[Exercise requirements]: In this exercise, return the whole listing exactly, excluding any images.

--- Stored data ---

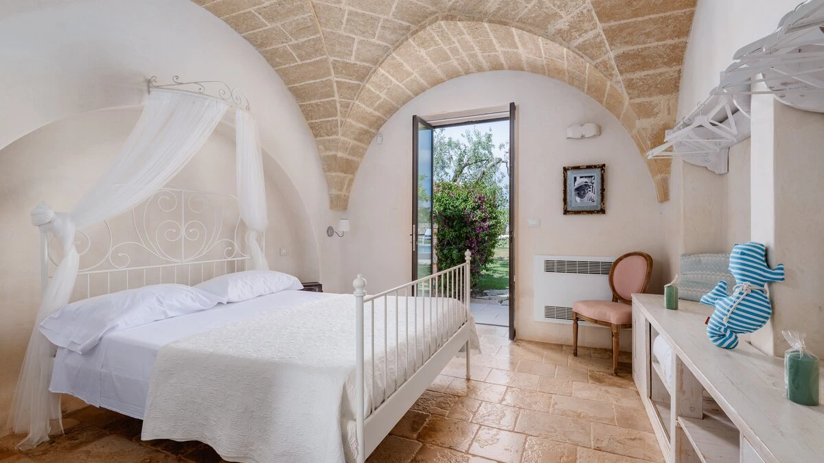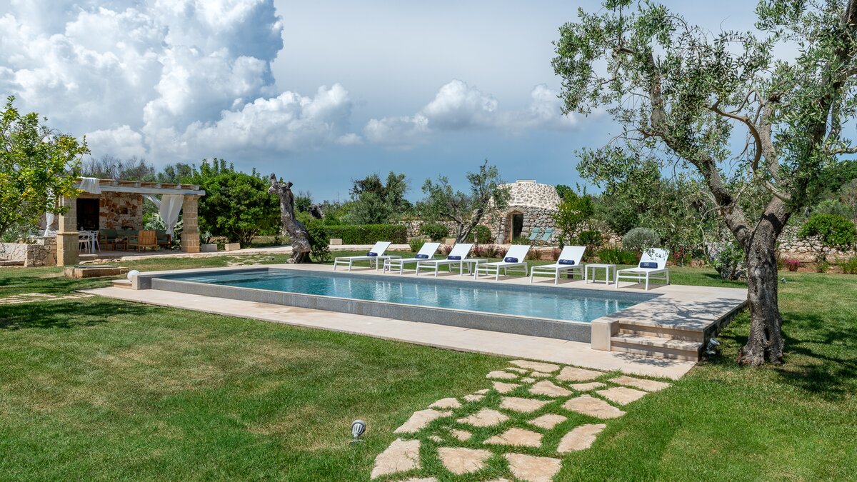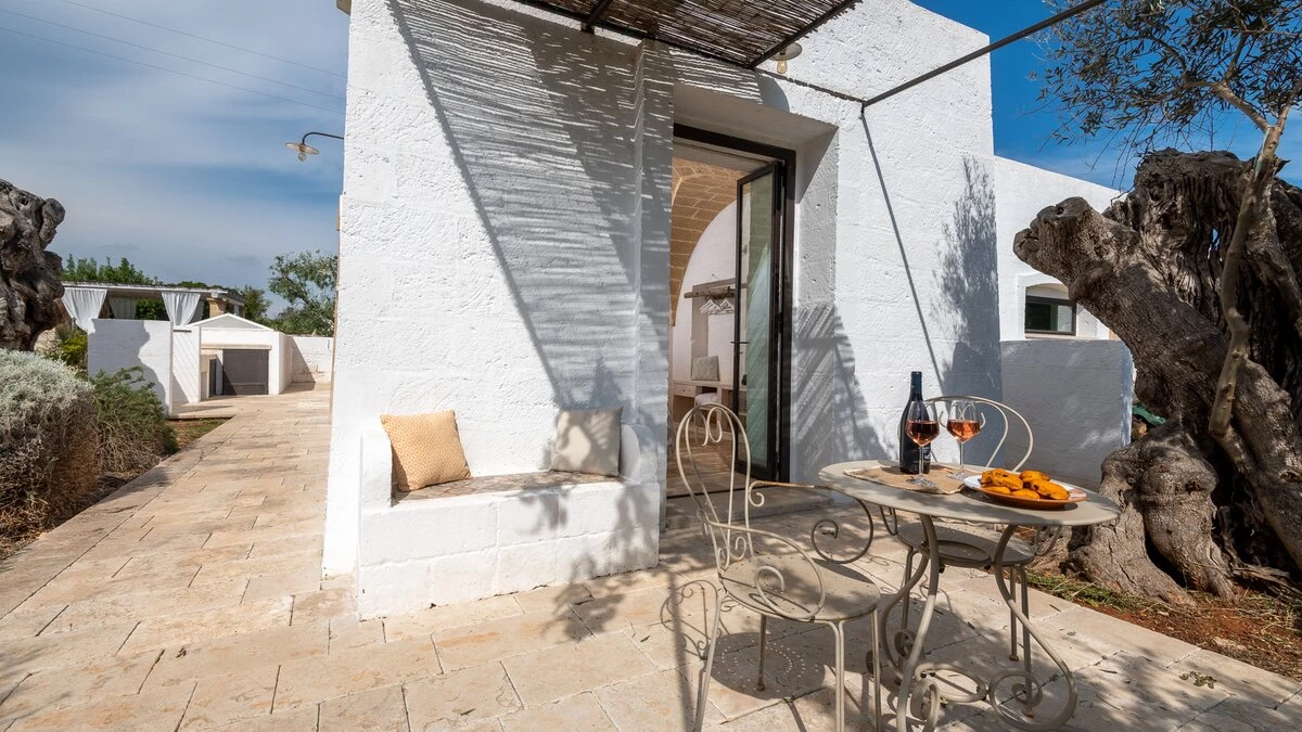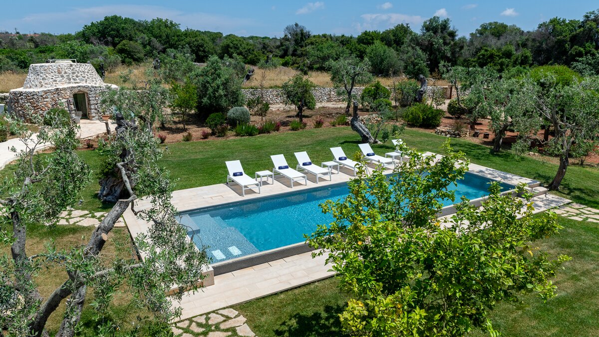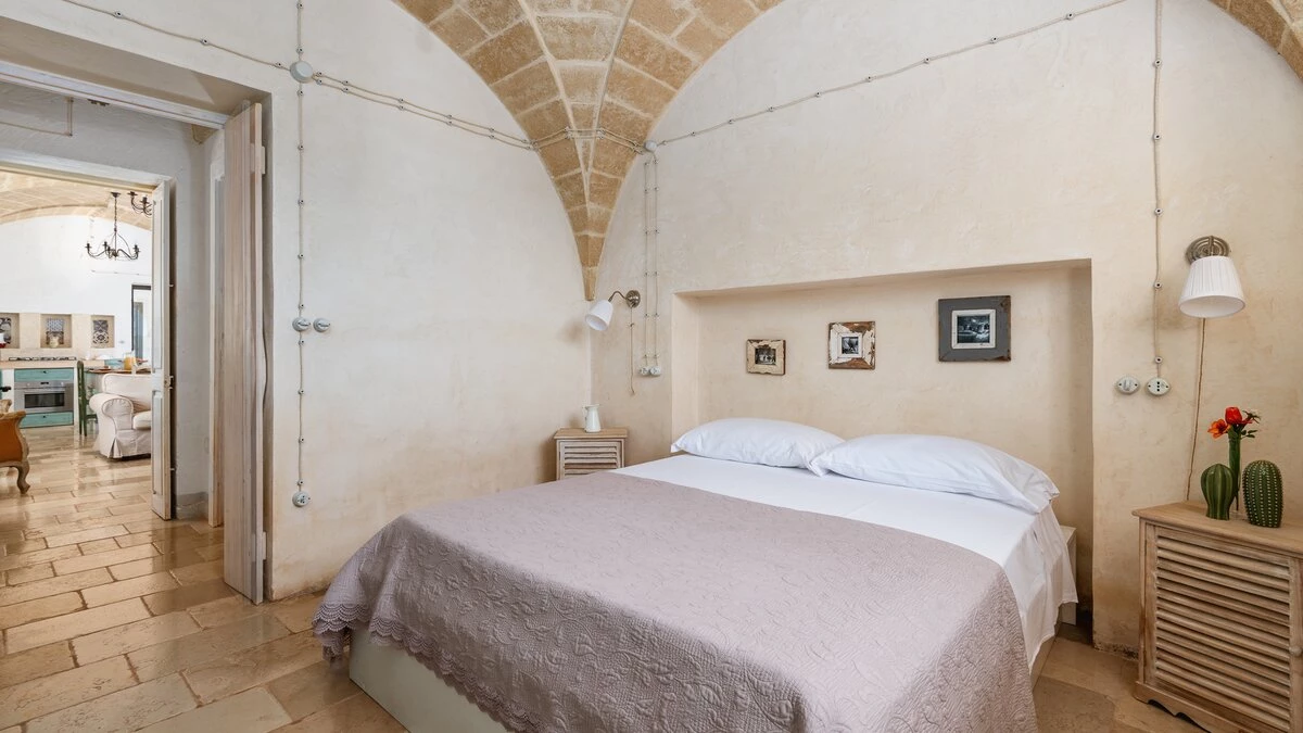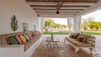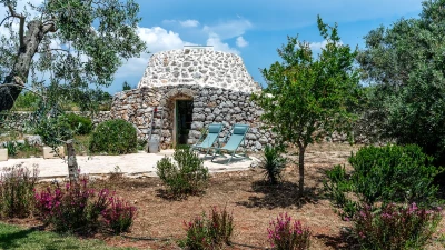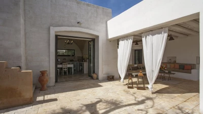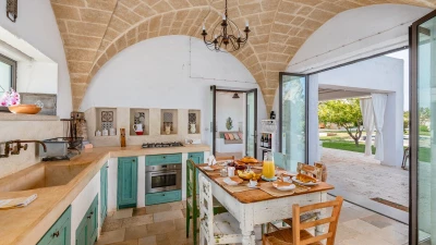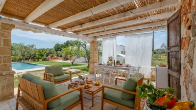 Encircled by extensive gardens and olive groves, Masseria del Faro is the perfect destination for a rural retreat for families and groups of friends alike. With crisp whites, exposed brickwork, and an uncluttered style, this newly restored villa combines traditional Puglian stone-built architecture with rustic-chic interior décor and the comfort of modern facilities. Designed for outdoor living, the covered terrace, with a furnished lounge area and an al fresco dining table next to the barbecue, has direct access to two bedrooms in one section and the open-plan kitchen, dining and seating area, and a further bedroom in the Main House accessed from the opposite side of the connecting covered terrace. Both parts of the villa have traditional tiled floors and exposed stone vaulted ceilings throughout. All three bedrooms have shower rooms en suite, king size double beds, and two of the three bedrooms open to the gardens. Two stone paths leading to the private pool where a pergola with dining area, soft seating and barbecue has been recently added. Recent improvements also include the restoration of the characteristic trullo with small double bed, suitable for young adults. The historic town of Morciano di Leuca and the seaside town of Torre Vado, with magnificent sandy beaches known as the 'Maldives of Salento' with clear, gently sloping beaches with crystalline waters and lively beach clubs with bars and restaurants are a very short drive away from Masseria del Faro. Further inexpensive restaurants are in and around picturesque local villages. Day trips and yacht and boat trips can also be organised to explore the beautiful coastline and sea grottoes.
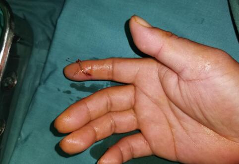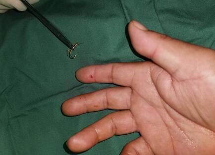 近日,家住新城区的刘大哥和几个好兄弟约着一起夜钓,他还没刚开始往河里甩钩呢,就被鱼钩钩住了右手食指,怎么取也取不下来。兄弟们还没到,十里八荒的也看不到一个人,于是刘大哥骑上电动车,急忙来到了betway在线登陆就诊。手外二病区的唐洪伟医生正在值夜班,接诊后,唐医生团队立刻给予急诊处理,在局麻下行“清创,异物取出术”。
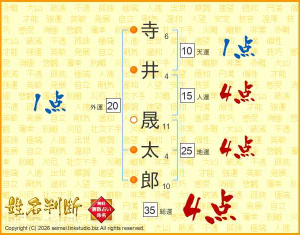 寺(6画)井(4画) 晟(11画)太(4画)郎(10画)
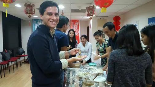 此番情景,不僅是一場美食制作的體驗,更是一次跨越國界的文化交流,一次心靈的觸碰與共鳴。在董靜萍的引領下,孔子學院的師生們共同編織了一個愛與協同的溫馨文化故事,讓這份來自東方的節日溫情,在異國他鄉綻放出別樣的光彩。
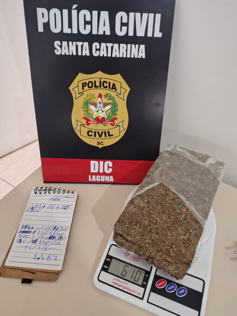 A investigação é conduzida pela DIC de Laguna há aproximadamente três meses e tem como objetivo identificar e desarticular pessoas envolvidas na comercialização de entorpecentes na região. Durante as diligências desta tarde, os policiais apreenderam um “tijolo” de maconha, pesando cerca de 610 gramas, além de anotações relacionadas à contabilidade do tráfico de drogas.
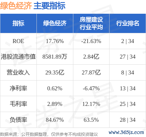 绿色经济港股市值8581.89万港元,在房屋建设行业中排名第27。主要指标见下表:
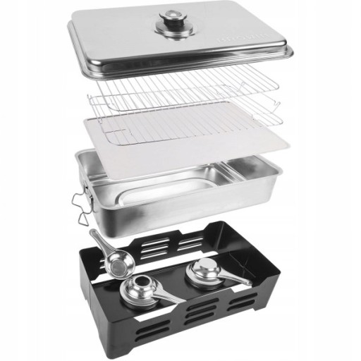 ?Porcja dla każdego - uniwersalna domowa wędzarnia pozwoli Ci na przygotowanie pysznych wędzonych ryb, mięs, serów i wędlin nawet na niewielkim balkonie. Dolny i górny ruszt oraz dwa palniki pozwolą Ci na urządzenie prawdziwej świątecznej uczty!
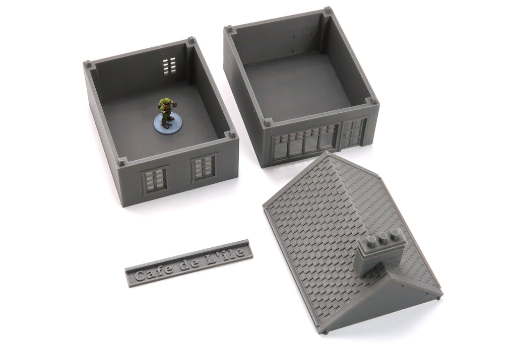 Vous cherchez à enrichir vos décors de l'Europe de la Seconde Guerre mondiale avec des bâtiments très détaillés pour vos jeux de guerre sur table comme Flames of War, Bolt Action ou Chain of Command ? Ce décor s'inspire de la petite ville normande de Sainte-Mère-Église telle qu'elle était en 1944. Le bâtiment n'est pas une réplique exacte ; l'image qui a servi de source d'inspiration est disponible.

---

[Exercise response]:
 Encircled by extensive gardens and olive groves, Masseria del Faro is the perfect destination for a rural retreat for families and groups of friends alike. With crisp whites, exposed brickwork, and an uncluttered style, this newly restored villa combines traditional Puglian stone-built architecture with rustic-chic interior décor and the comfort of modern facilities. Designed for outdoor living, the covered terrace, with a furnished lounge area and an al fresco dining table next to the barbecue, has direct access to two bedrooms in one section and the open-plan kitchen, dining and seating area, and a further bedroom in the Main House accessed from the opposite side of the connecting covered terrace. Both parts of the villa have traditional tiled floors and exposed stone vaulted ceilings throughout. All three bedrooms have shower rooms en suite, king size double beds, and two of the three bedrooms open to the gardens. Two stone paths leading to the private pool where a pergola with dining area, soft seating and barbecue has been recently added. Recent improvements also include the restoration of the characteristic trullo with small double bed, suitable for young adults. The historic town of Morciano di Leuca and the seaside town of Torre Vado, with magnificent sandy beaches known as the 'Maldives of Salento' with clear, gently sloping beaches with crystalline waters and lively beach clubs with bars and restaurants are a very short drive away from Masseria del Faro. Further inexpensive restaurants are in and around picturesque local villages. Day trips and yacht and boat trips can also be organised to explore the beautiful coastline and sea grottoes.
 近日,家住新城区的刘大哥和几个好兄弟约着一起夜钓,他还没刚开始往河里甩钩呢,就被鱼钩钩住了右手食指,怎么取也取不下来。兄弟们还没到,十里八荒的也看不到一个人,于是刘大哥骑上电动车,急忙来到了betway在线登陆就诊。手外二病区的唐洪伟医生正在值夜班,接诊后,唐医生团队立刻给予急诊处理,在局麻下行“清创,异物取出术”。
 寺(6画)井(4画) 晟(11画)太(4画)郎(10画)
 此番情景,不僅是一場美食制作的體驗,更是一次跨越國界的文化交流,一次心靈的觸碰與共鳴。在董靜萍的引領下,孔子學院的師生們共同編織了一個愛與協同的溫馨文化故事,讓這份來自東方的節日溫情,在異國他鄉綻放出別樣的光彩。
 A investigação é conduzida pela DIC de Laguna há aproximadamente três meses e tem como objetivo identificar e desarticular pessoas envolvidas na comercialização de entorpecentes na região. Durante as diligências desta tarde, os policiais apreenderam um “tijolo” de maconha, pesando cerca de 610 gramas, além de anotações relacionadas à contabilidade do tráfico de drogas.
 绿色经济港股市值8581.89万港元,在房屋建设行业中排名第27。主要指标见下表:
 ?Porcja dla każdego - uniwersalna domowa wędzarnia pozwoli Ci na przygotowanie pysznych wędzonych ryb, mięs, serów i wędlin nawet na niewielkim balkonie. Dolny i górny ruszt oraz dwa palniki pozwolą Ci na urządzenie prawdziwej świątecznej uczty!
 Vous cherchez à enrichir vos décors de l'Europe de la Seconde Guerre mondiale avec des bâtiments très détaillés pour vos jeux de guerre sur table comme Flames of War, Bolt Action ou Chain of Command ? Ce décor s'inspire de la petite ville normande de Sainte-Mère-Église telle qu'elle était en 1944. Le bâtiment n'est pas une réplique exacte ; l'image qui a servi de source d'inspiration est disponible.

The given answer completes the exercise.